--- Material provided Enclosed Below ---

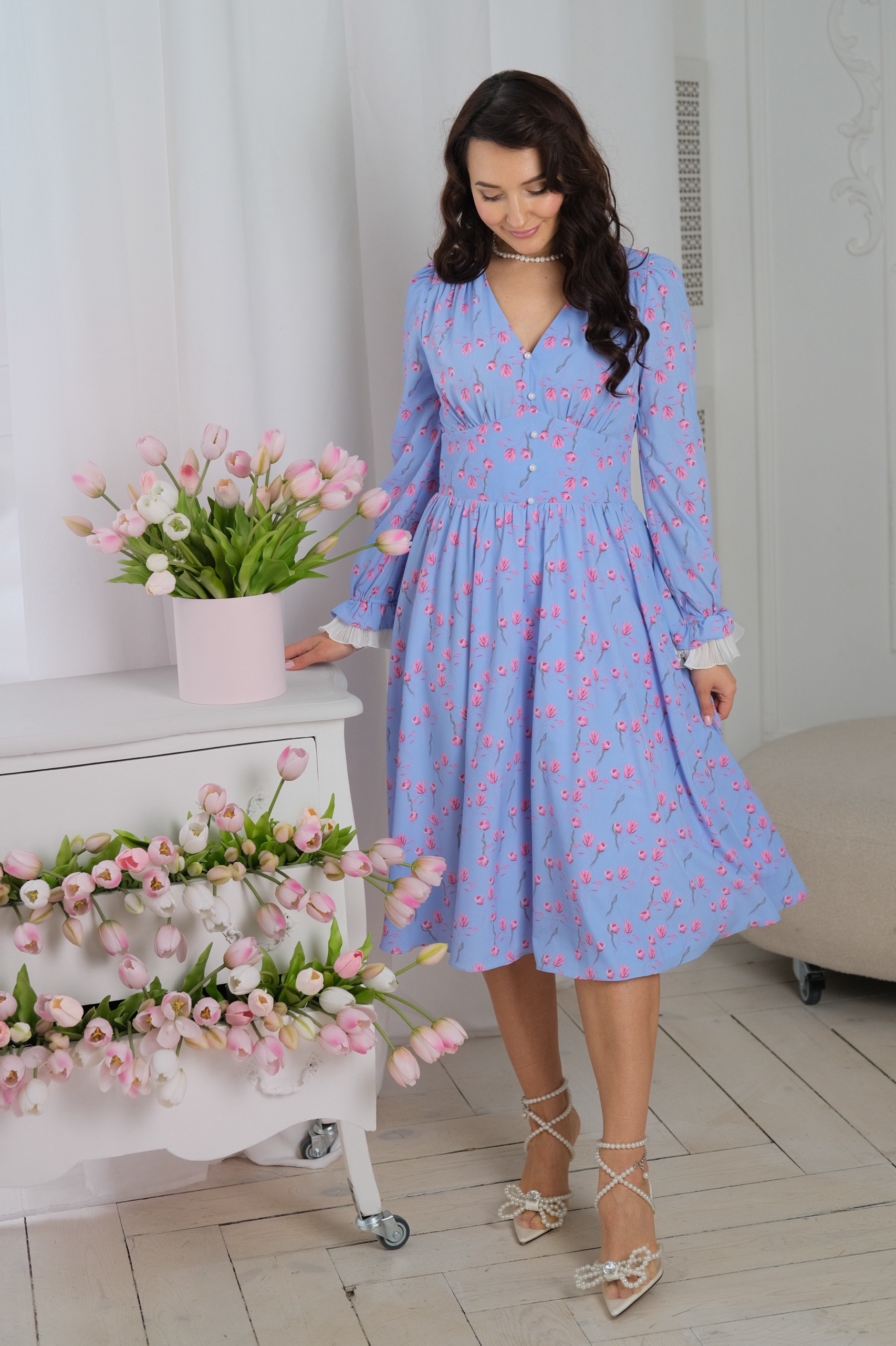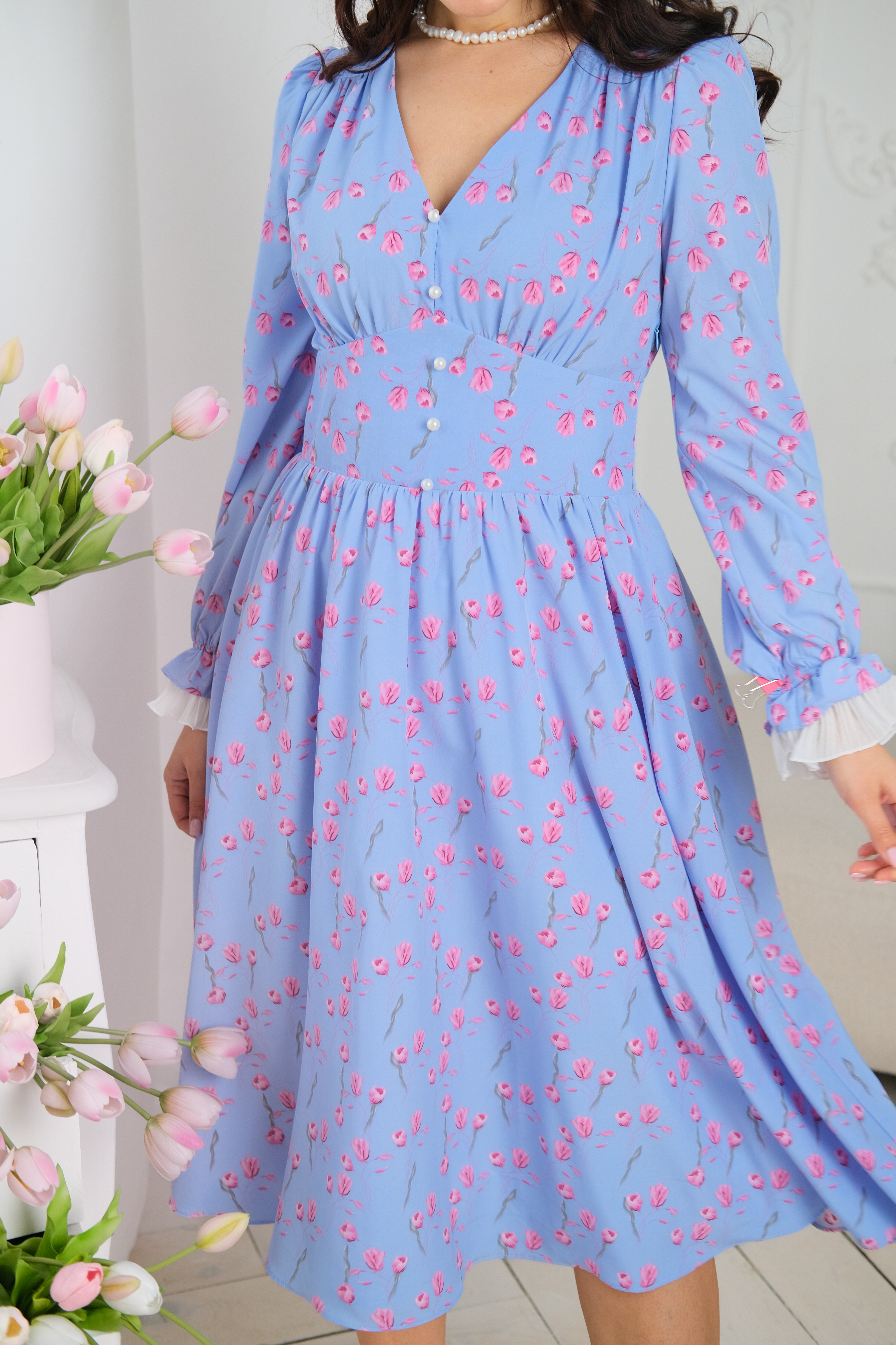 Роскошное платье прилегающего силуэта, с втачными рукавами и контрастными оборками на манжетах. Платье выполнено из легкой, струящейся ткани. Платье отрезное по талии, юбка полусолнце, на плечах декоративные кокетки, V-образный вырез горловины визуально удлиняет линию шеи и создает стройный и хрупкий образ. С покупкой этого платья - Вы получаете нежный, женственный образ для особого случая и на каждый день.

--- End of Enclosed Material provided ---
--- Material provided Enclosed Below ---

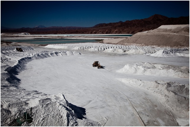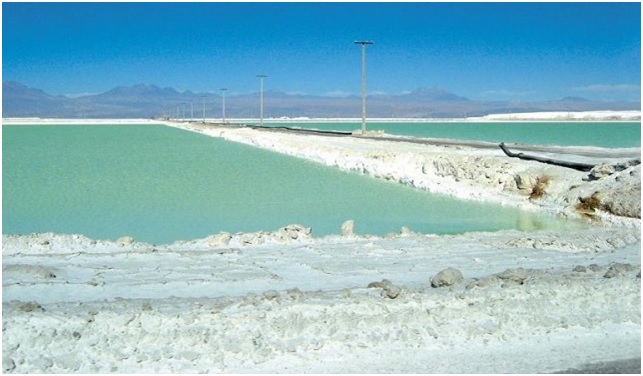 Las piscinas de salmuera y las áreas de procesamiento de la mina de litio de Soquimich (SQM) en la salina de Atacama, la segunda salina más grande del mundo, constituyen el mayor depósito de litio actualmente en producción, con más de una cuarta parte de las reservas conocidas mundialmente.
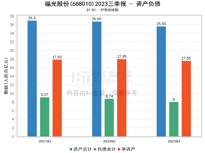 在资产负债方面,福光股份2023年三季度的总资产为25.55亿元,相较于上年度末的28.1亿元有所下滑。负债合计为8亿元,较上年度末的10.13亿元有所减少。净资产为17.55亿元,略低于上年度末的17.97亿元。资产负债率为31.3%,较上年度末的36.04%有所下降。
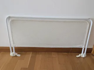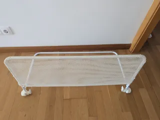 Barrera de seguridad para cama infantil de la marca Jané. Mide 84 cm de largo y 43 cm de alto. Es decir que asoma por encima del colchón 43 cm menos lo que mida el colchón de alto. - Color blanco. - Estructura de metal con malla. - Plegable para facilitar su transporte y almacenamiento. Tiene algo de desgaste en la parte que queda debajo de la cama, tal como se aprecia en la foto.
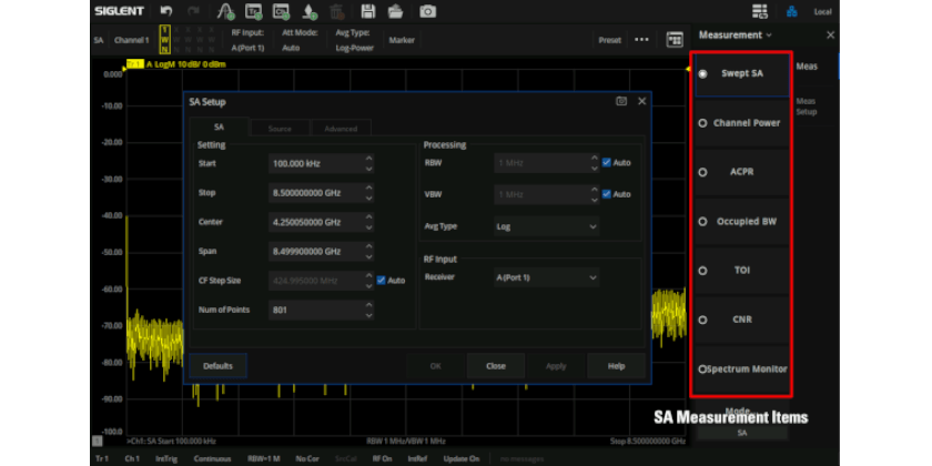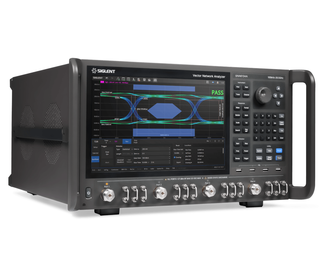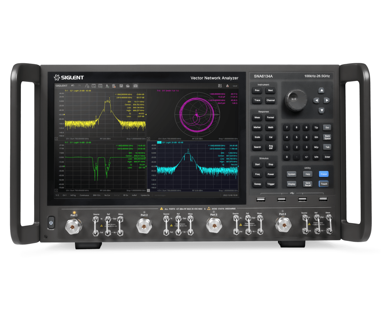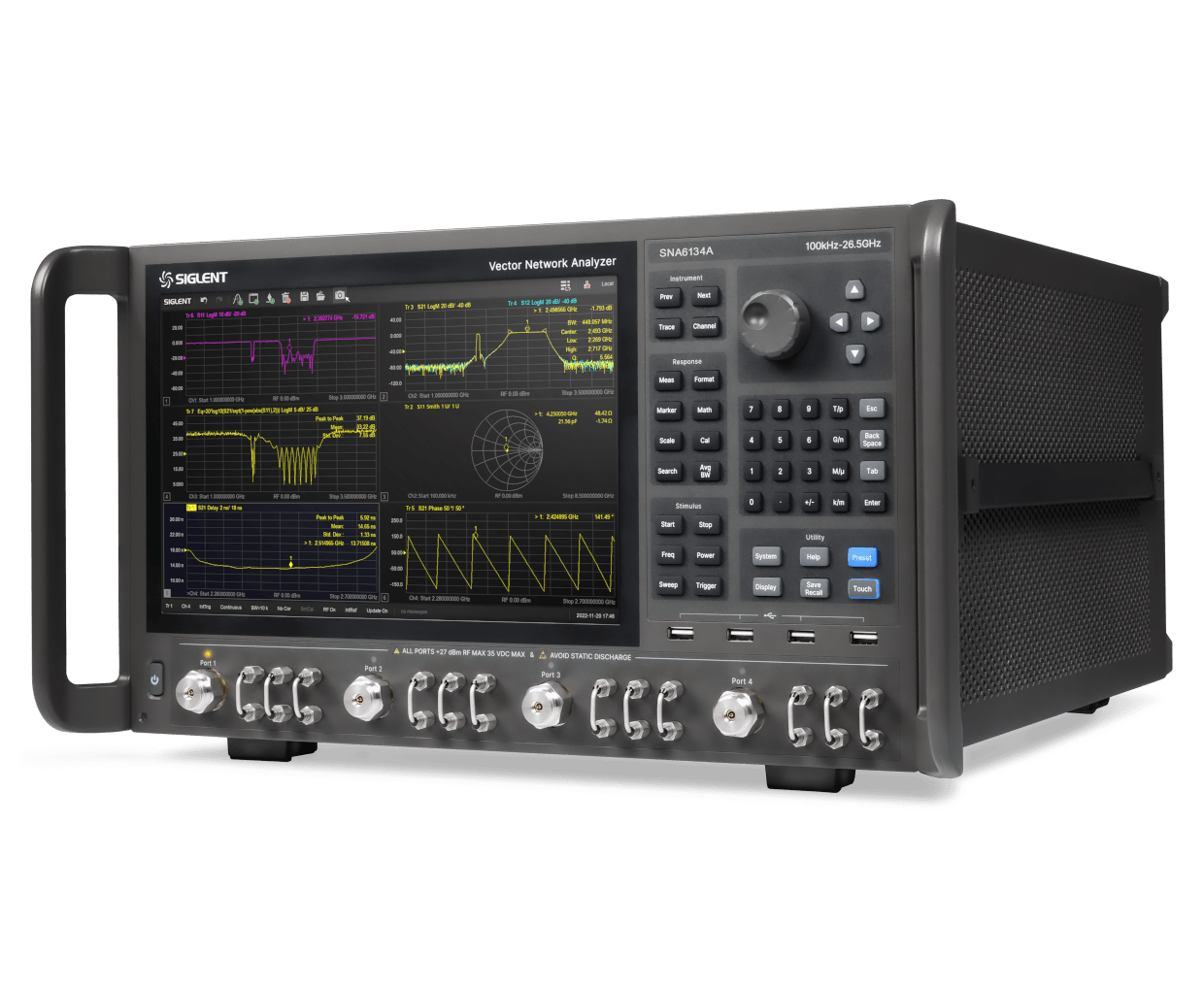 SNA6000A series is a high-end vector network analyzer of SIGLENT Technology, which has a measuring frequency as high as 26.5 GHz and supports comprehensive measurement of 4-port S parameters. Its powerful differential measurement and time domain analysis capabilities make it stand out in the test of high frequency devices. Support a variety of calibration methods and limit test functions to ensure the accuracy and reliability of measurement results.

--- End of Enclosed Material provided ---

→ What you will do
Return only the stretch above from the line containing "Las piscinas de" through the line containing "在资产负债方面,福光股份20", word for word and without pictures.

→ Written solution
 Las piscinas de salmuera y las áreas de procesamiento de la mina de litio de Soquimich (SQM) en la salina de Atacama, la segunda salina más grande del mundo, constituyen el mayor depósito de litio actualmente en producción, con más de una cuarta parte de las reservas conocidas mundialmente.
 在资产负债方面,福光股份2023年三季度的总资产为25.55亿元,相较于上年度末的28.1亿元有所下滑。负债合计为8亿元,较上年度末的10.13亿元有所减少。净资产为17.55亿元,略低于上年度末的17.97亿元。资产负债率为31.3%,较上年度末的36.04%有所下降。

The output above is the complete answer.